Quatre: What?!!!??? My goodness, thats so awful....

Trowa: I wonder who it is....

-We enter the cast room and see Zechs holding Duo and Wuffie hostage-

Wuffie: This is unjust!!!!!!! How dare I be a helpless hostage!!!! And with Maxwell of all people!!!

Duo: Awwwwww common Wu-man, ya know ya wuv me!

-Zechs pulls on Wuffie's pigtail, and Du-man's braid-

Zechs: Noooo talking! No hostages, that's a bad hostage!!

-Zechs looks in our direction-

Zechs: Did you bring the cheese!?????!!!?

Me: Ummmmmm you want cheese???

Zechs: YES!!!!!! GIMMIE!!!!!!!

-I reach in my pocket and pull out some arosol cheese ((OOC: You know, that cheese that's like whiped cream??...whatever.))-

Me: Here...

-I toss the can to Zechs, and he drops Wuffie, and Du-man's hair.-

Zechs, all triumphant: SUCCESS!!!! BEHOLD THE POWER OF CHEESE!!!!!!!!!! Muahahahahahahaha *cough*

-Everyone sweatdrops massivley-

Quatre: I think the Zewo system made Zechsy go cwazy..
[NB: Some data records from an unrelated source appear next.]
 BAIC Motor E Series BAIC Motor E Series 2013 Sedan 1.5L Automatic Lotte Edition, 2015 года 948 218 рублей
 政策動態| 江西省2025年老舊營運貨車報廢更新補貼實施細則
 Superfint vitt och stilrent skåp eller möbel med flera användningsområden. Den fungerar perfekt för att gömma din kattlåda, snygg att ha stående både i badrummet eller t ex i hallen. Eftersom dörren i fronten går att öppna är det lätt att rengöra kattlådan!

-Everyone turns to Quatre-

Quatre: What??

Trowa smacking his forehead: .........

_____________________________________________________________________________________


§hini-Ångel: *Blows fanfare* Duh duh duh da da duuuuuuuhhhhh!!! Yay! I managed to finish off this chapter!
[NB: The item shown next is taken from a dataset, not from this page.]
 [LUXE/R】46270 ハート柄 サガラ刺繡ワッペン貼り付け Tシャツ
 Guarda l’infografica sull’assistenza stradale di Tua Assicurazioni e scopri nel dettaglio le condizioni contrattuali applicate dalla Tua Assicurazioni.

Wufei: INJUSTICE!!!!!!!!!!!!!!!!!!!!!!!

§hini-Ångel: What is it this time Wu-man??????!!!

Wufei: How Dare you make the captions say *shudders* wuffie.....

§hini-Ångel: Well.... im not now am I????

Wufei: hmph......weak onna..

Zechs: Ohhhhh and on a side not here...... GIVE ME CHEESE OR DIEEEEEEEEE!!!!!! MUAHAHAHAHAHAHA!!!!

§hini-Ångel: ZECHS!!!!! Don't threaten the readers!!!!!!!!

*Shoves everyone out and lowers to a harsh whisper*

§hini-Ångel: Please help me.... O_O'' Send Zechs your cheese! He'll kill us all!!